Protected: Her Drama Is Tolerable When It’s Performed Onstage

An excerpt from AN AWFULLY BIG ADVENTURE by Beryl Bainbridge, recommended by Lucy Scholes

Introduction by Lucy Scholes

I can’t recall when it was that I first read Beryl Bainbridge. Growing up in the UK, she was always there—on the bookshelves alongside Muriel Spark, Barbara Pym, Anita Brookner, and any number of other literary grande dames—a writer known for her macabre, fearless, hugely entertaining, extremely funny, and deliciously clipped novels. Imagine my surprise then when I learned her name doesn’t quite elicit the same recognition in the US. My bewilderment soon turned to glee as I and my colleagues realized the golden opportunity this presented. An Awfully Big Adventure is just the first of Bainbridge’s works that we’re reissuing at McNally Editions, and it’s the perfect introduction to this writer who in the course of her four-decade career published 17 novels, five of which were shortlisted for the Booker Prize.

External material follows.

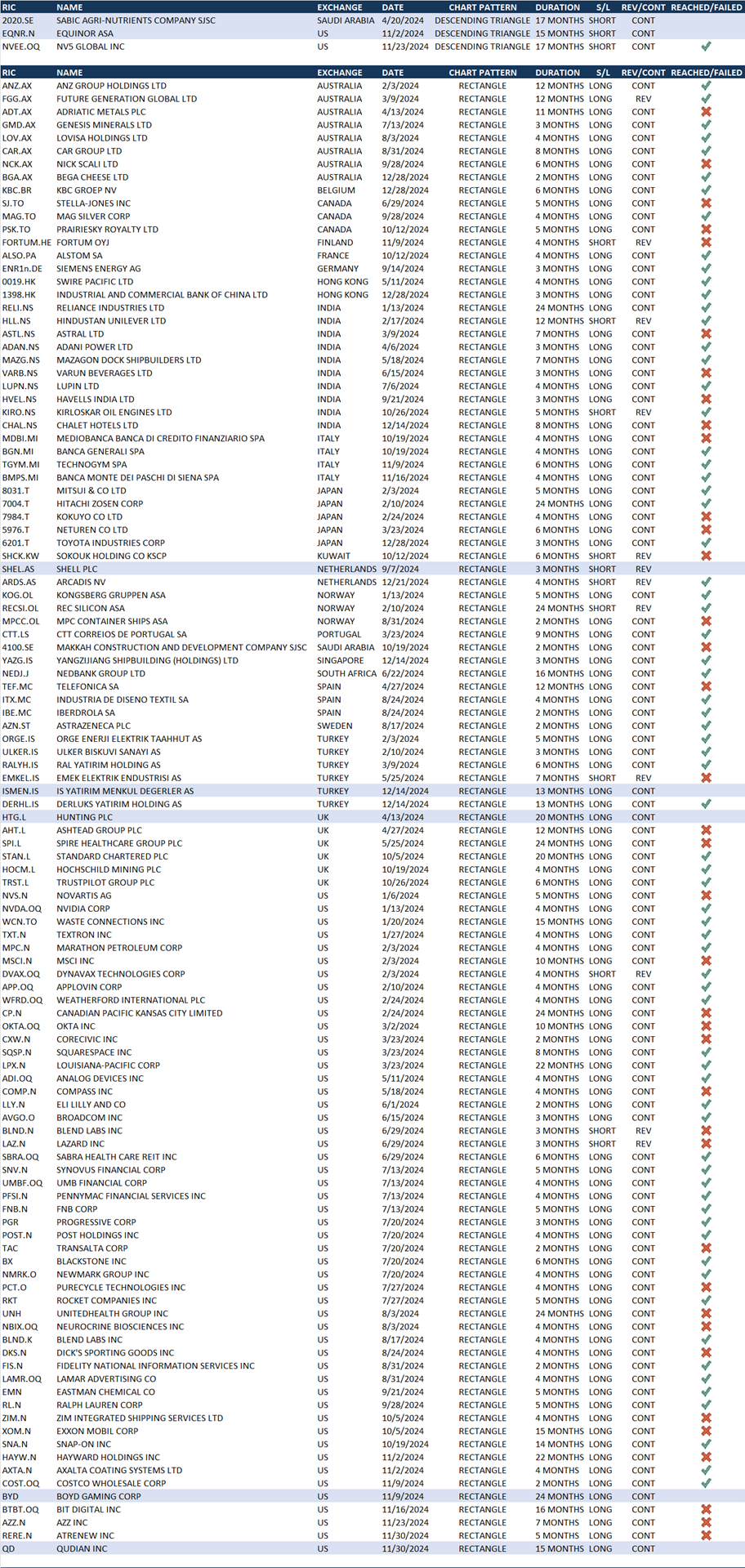 CHART PATTERN BREAKOUT SIGNALS (RANKED BY PATTERN & COUNTRY)
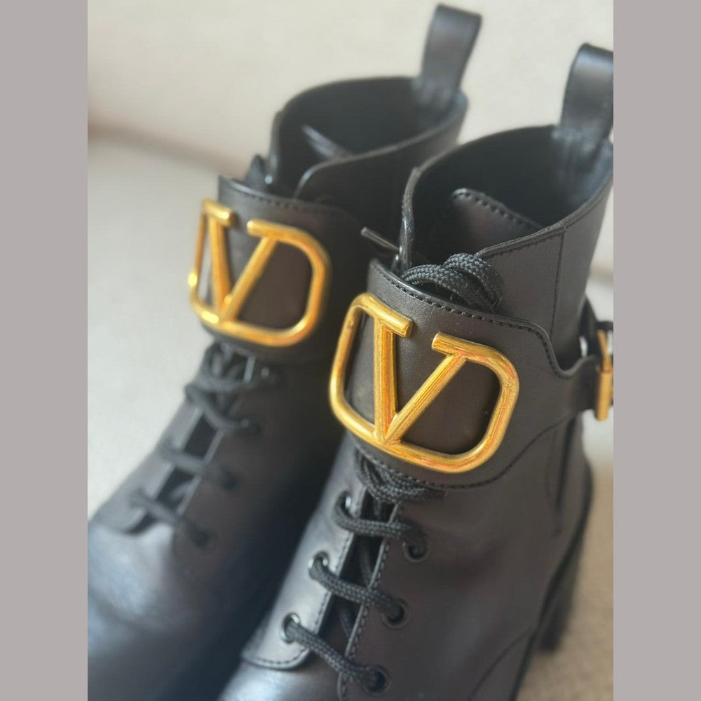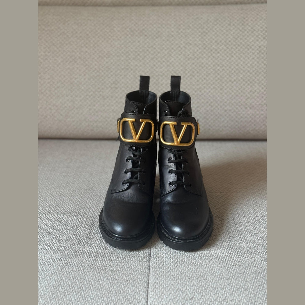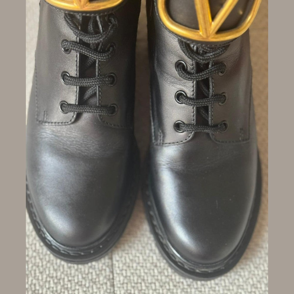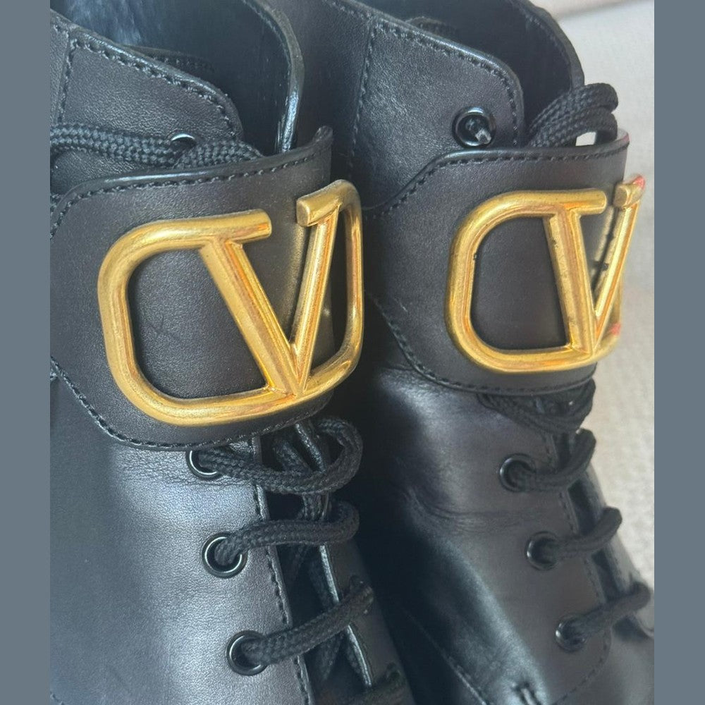 Crafted from smooth black calfskin leather, these Valentino combat boots feature the iconic oversized gold VLogo hardware for a bold and modern statement. Designed with lace-up fastening and an adjustable ankle strap for added support and style. The chunky block heel and durable lug sole provide comfort, stability, and an elevated edge—perfect for everyday wear with a touch of luxury.

When she was 16, Bainbridge joined the repertory theater in her hometown of Liverpool. She was initially hired as an assistant stage manager, before unexpectedly finding herself the stand-in for a young male actor who’d met with an accident, or so she claimed when regaling the tale of her lucky break in later years . . . I’m hardly the first to point out that Bainbridge was notorious for never letting the facts get in the way of telling a good story. Much of her own life—her experiences, the people who were dear to her, and places she knew well—made its way into the pages of her fiction, but she was never constrained by any sense of fidelity to the absolute truth. Alas, her promising early career on the stage didn’t last. She moved to London in the early 1960s and turned to writing instead—thankfully!—but her experiences were all grist for the mill, and she drew on them heavily when she wrote An Awfully Big Adventure in 1989.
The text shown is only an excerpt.